Working with what we’ve got


I’m heading to Fiji for work this weekend (no that isn’t code for a holiday as one of my housemates has suggested). I’ll be at a conference first up, and then heading further afield to a few rural and remote communities to do scoping for potential community enterprise opportunities in a number of cash poor areas.

I’ve worked in Fiji a lot in the past, and can’t wait to get back there. I’m very much looking forward to connecting with a number of very precious people.

Something I’ve been reflecting on prior to our departure though, is the method we (Centre for Social Change) take with our community development work, and how applicable it is at a personal level, across cultures, and levels of experience.

Community knowledge sharing I did at Ware Island in Milne Bay, PNG, early 2013.

Community knowledge sharing I did at Ware Island in Milne Bay, PNG, early 2013.
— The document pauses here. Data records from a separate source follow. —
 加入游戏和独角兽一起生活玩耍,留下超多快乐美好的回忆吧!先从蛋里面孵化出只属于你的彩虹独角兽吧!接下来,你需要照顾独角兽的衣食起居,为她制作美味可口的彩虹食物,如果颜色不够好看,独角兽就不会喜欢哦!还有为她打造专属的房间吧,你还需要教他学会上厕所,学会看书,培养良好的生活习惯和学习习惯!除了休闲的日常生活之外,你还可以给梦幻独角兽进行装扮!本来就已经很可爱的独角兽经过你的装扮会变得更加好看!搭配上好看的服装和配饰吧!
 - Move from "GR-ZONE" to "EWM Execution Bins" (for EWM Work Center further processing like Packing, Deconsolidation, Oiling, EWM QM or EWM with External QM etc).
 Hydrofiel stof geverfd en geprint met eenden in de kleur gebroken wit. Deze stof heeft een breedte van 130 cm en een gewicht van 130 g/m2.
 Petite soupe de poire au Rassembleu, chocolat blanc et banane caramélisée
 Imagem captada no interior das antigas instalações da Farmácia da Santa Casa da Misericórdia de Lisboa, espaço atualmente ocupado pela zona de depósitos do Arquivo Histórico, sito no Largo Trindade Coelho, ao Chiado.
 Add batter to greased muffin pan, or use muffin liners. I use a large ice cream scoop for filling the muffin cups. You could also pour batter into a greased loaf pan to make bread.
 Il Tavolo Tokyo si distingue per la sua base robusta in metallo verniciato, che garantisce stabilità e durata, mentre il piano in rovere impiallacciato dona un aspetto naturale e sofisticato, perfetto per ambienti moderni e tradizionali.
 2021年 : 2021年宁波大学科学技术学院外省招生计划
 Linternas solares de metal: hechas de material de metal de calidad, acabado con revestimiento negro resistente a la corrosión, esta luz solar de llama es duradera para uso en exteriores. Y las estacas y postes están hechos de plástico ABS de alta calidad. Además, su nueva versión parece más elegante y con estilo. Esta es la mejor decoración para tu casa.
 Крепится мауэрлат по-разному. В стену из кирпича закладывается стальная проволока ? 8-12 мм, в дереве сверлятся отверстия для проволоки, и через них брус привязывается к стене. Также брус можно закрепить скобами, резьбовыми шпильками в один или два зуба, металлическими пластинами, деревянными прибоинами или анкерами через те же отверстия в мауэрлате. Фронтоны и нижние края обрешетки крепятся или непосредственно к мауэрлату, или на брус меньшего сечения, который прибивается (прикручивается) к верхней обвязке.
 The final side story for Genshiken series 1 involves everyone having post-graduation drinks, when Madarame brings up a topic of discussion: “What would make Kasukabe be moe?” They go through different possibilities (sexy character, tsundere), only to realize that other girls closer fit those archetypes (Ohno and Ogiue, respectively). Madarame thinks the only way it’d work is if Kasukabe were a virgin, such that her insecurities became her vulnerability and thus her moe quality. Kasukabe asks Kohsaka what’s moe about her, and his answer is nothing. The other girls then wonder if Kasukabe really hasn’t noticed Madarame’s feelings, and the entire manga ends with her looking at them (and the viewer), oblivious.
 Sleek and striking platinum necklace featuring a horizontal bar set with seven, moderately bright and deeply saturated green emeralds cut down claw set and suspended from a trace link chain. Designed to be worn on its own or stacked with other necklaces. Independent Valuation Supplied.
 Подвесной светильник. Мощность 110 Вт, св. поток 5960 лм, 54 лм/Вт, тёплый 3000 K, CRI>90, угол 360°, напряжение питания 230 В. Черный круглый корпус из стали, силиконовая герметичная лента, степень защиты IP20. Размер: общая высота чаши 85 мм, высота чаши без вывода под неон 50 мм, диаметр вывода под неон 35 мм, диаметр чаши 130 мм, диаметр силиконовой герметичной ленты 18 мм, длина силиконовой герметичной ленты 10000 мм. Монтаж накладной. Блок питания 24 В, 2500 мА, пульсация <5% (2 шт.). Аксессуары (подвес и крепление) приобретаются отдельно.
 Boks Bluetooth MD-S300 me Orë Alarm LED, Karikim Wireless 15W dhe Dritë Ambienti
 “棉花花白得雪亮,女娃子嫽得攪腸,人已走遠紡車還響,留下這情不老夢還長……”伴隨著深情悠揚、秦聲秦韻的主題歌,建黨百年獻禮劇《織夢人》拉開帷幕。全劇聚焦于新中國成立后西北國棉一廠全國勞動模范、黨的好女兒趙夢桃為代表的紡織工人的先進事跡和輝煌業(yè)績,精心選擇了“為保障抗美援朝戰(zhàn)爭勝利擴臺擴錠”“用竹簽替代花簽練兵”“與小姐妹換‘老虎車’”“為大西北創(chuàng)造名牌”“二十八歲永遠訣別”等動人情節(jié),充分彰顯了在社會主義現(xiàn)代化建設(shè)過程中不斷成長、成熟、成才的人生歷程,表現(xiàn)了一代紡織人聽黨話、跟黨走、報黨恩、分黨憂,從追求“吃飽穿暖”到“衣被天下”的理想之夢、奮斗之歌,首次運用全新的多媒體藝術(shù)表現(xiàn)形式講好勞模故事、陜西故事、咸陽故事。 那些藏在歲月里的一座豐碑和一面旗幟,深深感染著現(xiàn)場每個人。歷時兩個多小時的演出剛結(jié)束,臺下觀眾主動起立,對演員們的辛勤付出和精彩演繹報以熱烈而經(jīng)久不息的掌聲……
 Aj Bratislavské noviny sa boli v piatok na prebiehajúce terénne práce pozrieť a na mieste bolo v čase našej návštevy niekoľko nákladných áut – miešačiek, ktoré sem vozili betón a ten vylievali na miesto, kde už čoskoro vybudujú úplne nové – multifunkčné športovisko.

We use a strengths-based approach in the communities we work in. So rather than going in and pointing out everything a community ‘lacks’ – which tends to be the favoured approach of many agencies – we go in and look for what works – what are the strengths to be built upon?

Also known as Asset Based Community Development (ABCD), this approach places local people in the position of expert. We highly value local knowledge and believe it’s intrinsic to understanding how the local economy works; and seek their help in identifying resources, skills and strengths within a community. We ask, what can be done with what the community already has?

We aim to determine possible solutions to issues with context specific and locally manageable solutions.  Our approach encourages learning by doing (not ‘formal training’ en masse, straight up), experimentation, starting small, and embracing failure with its attendant lessons. Our metrics for success aren’t based on getting it right the first time (although great if it ends up that way!).

Working this way we hope to ensure community resilience to external shocks (severe climate events, crop failure, political turmoil). Community conceived and led initiatives are far more likely to achieve long-term sustainability.


Makes sense doesn’t it? How does it feel in your body when someone goes out of their way to point out your faults, flaws and weaknesses? Not too great, right? But how about when we have our strengths and assets emphasised? It feels a little bit fan-reaking-tastic, that’s right.

I truly think there’s a huge lesson in this approach for us all.

What are your skills and strengths? Do you even know what they are? What can you do with what you already have?

Is there anything you’ve been meaning to do, but you’re convinced you need something else before you can up-level? I call bollocks on that, sweet thing, and insist you already have the ability to take a step towards achieving that feat, your dream, your desire, and most lofty goals, right at this very moment.

Are you nixing your inner photographic genius because you don’t think you can start until you have that delicious looking Digital-SLR and a professional course under your belt? Well, stop. There are plenty of amazing shots to be taken on a smart phone, or a simple point and shoot, and lots of photography lessons available for free on the interwebz, while you save for your treasures.

Okay, so how do I know what my strengths are?

I have a super simple little exercise for you. Take out your fave moleskine and pen, and do a quick stock take of your strongest qualities and attributes. Create three separate pages and label them as follows:

Head – qualifications, experience, what you know.

Heart – what you love doing (what lights you up, beautiful?)

Hand – what skills you have (are you a killer cook? Dress-maker? Stylist? Confidant?)

Now get to scribbling down everything you can think under each one, and don’t let your fear-based ego jump in with its negative Nancy-pants on (hence a bit of speed is key).

If you begin to struggle with this, get your bestie involved and have a mutual love-fest, sharing with one another what’s totally rocking about you both. It absolutely can be difficult at times to be objective about your greatest qualities, particularly as society is so peachy keen to point out what’s so wrong about us at every goddamn turn.

Now, once you’re done, take a good hard look at all of your strengths! Can you see how very capable you are? You rock the kasbah just showing up to life, everyday.

I firmly believe that when we focus more on our strengths, and indeed on one another’s strengths, we all step up to life in ways that we can’t even dream of.

Are you working with what you already have and sharing your strengths with the world?